Five Simple Ways to Stop Impulse Snacking
I’m sure you’ve heard of impulse shopping (and if you’re anything like me, you’ve probably experienced it a good few times too!) You’ll be buying envelopes and stamps in the stationers’, then a rack of magazines catches your eye. Before you know it, you’ve added a couple to your basket.
Impulse snacking is similar – and just as impulse shopping can be very bad for your bank balance, impulse snacking won’t do your waistline any favors.
So if you find yourself nibbling on things just because they’re there, or opening the fridge on a whim, when you’re not hungry, here’s how to beat impulse snacking.
1. Keep Snack Foods Out Of Sight
I won’t say “never buy snack foods” because being on a diet doesn’t mean missing out on all your favorites – but it does mean occasionally exercising a bit of self-restraint! Don’t make things harder on yourself than they need to be, though; if you have a cookie jar on the sideboard in the kitchen, you’ll see it (and think “ooh, cookies”) every time you go into the kitchen for a glass of water or to put the kettle on.
Put your snack foods in a cupboard, or on top of a high shelf. If they’re out of sight, they’ll be out of mind. And if they’re out of reach as well, you might decide that it’s just too much effort to get a snack!
2. Always Wait Ten Minutes Before Snacking
I’ve heard some great advice about impulse shopping that suggests counting to ten before putting an item in your basket – or mentally noting unplanned purchases for another day. This is a great way to break the pattern of buying something without really needing it.
You can do something similar with your urge to snack. If the thought that “a bag of potato chips would be nice” comes at you from out of the blue, tell yourself that you’ll wait at least ten minutes before deciding whether or not to eat them. Quite often, you’ll find that the urge to snack was a fleeting one that’s now easy to dismiss.
3. Don’t Nibble While Cooking
Some of us are great at clocking up unwanted calories while preparing or cooking food.

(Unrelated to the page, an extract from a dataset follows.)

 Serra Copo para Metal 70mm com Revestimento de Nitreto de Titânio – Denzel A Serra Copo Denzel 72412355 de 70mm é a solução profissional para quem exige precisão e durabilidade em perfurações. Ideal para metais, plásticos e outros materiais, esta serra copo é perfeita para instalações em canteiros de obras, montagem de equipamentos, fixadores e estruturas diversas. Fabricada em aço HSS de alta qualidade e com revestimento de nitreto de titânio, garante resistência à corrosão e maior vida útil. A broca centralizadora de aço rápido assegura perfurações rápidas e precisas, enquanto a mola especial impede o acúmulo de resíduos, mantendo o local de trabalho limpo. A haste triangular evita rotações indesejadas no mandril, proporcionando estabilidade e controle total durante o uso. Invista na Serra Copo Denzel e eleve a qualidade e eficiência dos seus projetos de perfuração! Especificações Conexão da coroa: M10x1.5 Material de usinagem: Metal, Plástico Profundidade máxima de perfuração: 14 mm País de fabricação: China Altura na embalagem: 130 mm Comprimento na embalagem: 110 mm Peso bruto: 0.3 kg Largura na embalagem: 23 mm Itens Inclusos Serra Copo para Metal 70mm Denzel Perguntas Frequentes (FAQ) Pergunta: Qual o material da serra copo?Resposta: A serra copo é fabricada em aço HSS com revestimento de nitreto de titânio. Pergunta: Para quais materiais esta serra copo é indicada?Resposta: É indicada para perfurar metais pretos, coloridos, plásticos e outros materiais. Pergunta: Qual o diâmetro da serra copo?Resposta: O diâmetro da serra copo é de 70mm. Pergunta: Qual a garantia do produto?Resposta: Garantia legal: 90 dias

A sliver of cheese, a piece of bread dipped in sauce, a handful of the potato wedges you’re cooking for the kids … and chances are, these aren’t even “snacks” you particularly enjoy or remember. I’m particularly bad when baking – and I’m sure I’d enjoy a couple of the cookies more than all the scrapings of dough from the bowl, for the same calories!
Make a firm rule not to nibble while you’re cooking. If you tend to pop things into your mouth absent-mindedly, try chewing gum, or sucking on a piece of hard candy.

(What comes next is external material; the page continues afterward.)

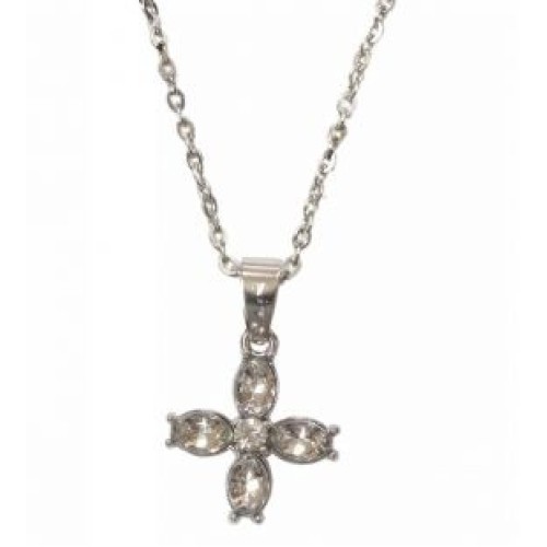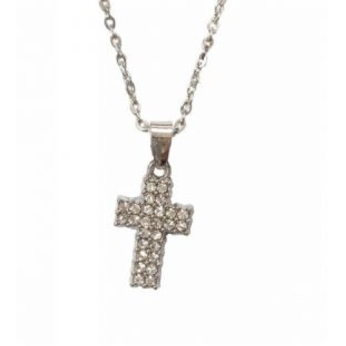Μενταγιόν σταυρός stainless steel με στρας και αλυσίδα στυλ φακαντόρο..

4. Leave Your Money At Home
Do you find yourself buying snacks from the vending machine or the canteen at work – even though you’ve brought in your own, perfectly healthy, lunch? If so, a simple solution is to just leave your money at home (or only take in the cash you actually need for the day, if you have to pay for transport etc); that way, you won’t be able to buy those little extras.
If you’re meeting a friend for coffee, and you don’t want to succumb to the lure of a chocolate muffin on the side, then apply the same principle: just take what you need for your coffee.

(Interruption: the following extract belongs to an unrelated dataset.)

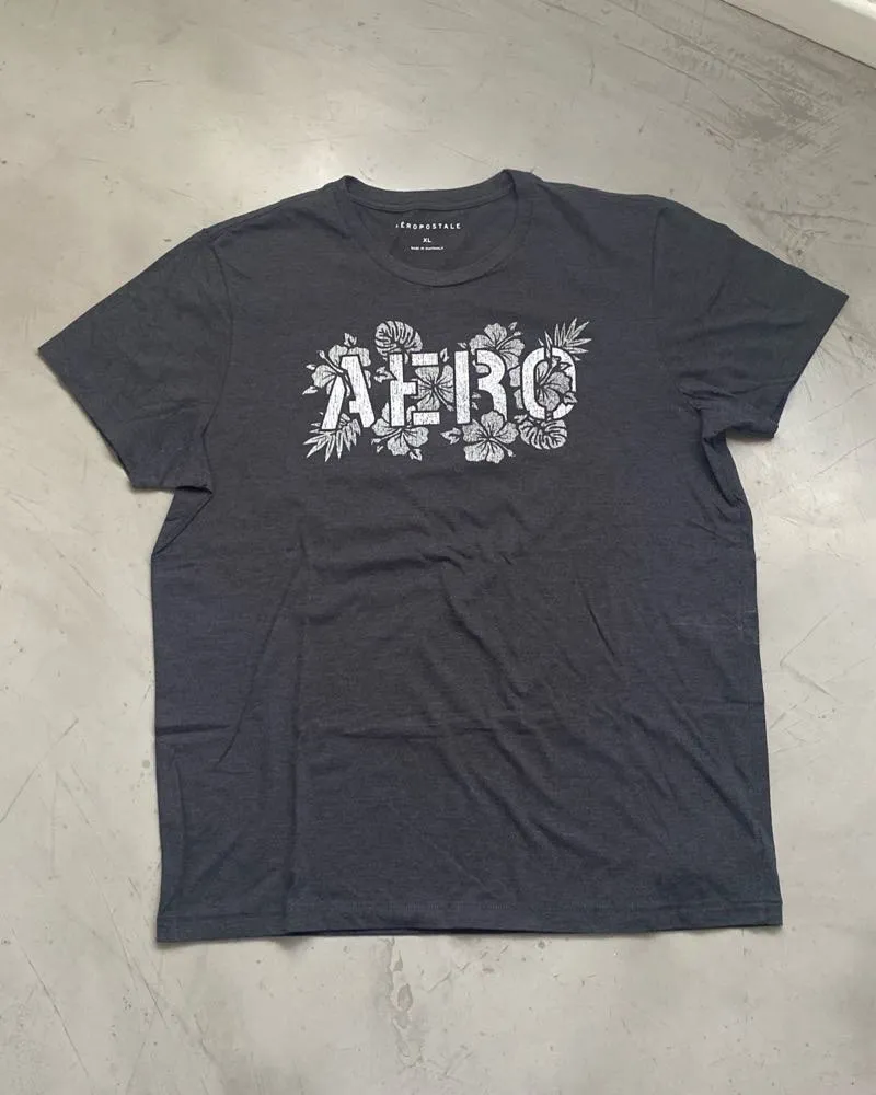 Remera gris oscuro con estampa floral en blanco en el frente. Nueva, sin uso. Medidas: largo 77cm - axilas 60cm - largo manga 20cm - espalda 50cm

5. Write Down Everything You Eat
Even if you don’t want to keep a food journal all the time, writing down what you eat for just a day or two can really boost your willpower. If you know that every little nibble will be going down in black and white, you’ll think twice about finishing off the kids’ leftover fishfingers, or eating that broken cookie.
You might find it useful to also write down how you were feeling when you ate; we often snack for emotional reasons such as boredom, stress or unhappiness.
Do you snack on impulse? Is it hindering your weight loss, or is it a problem you’ve pretty much conquered?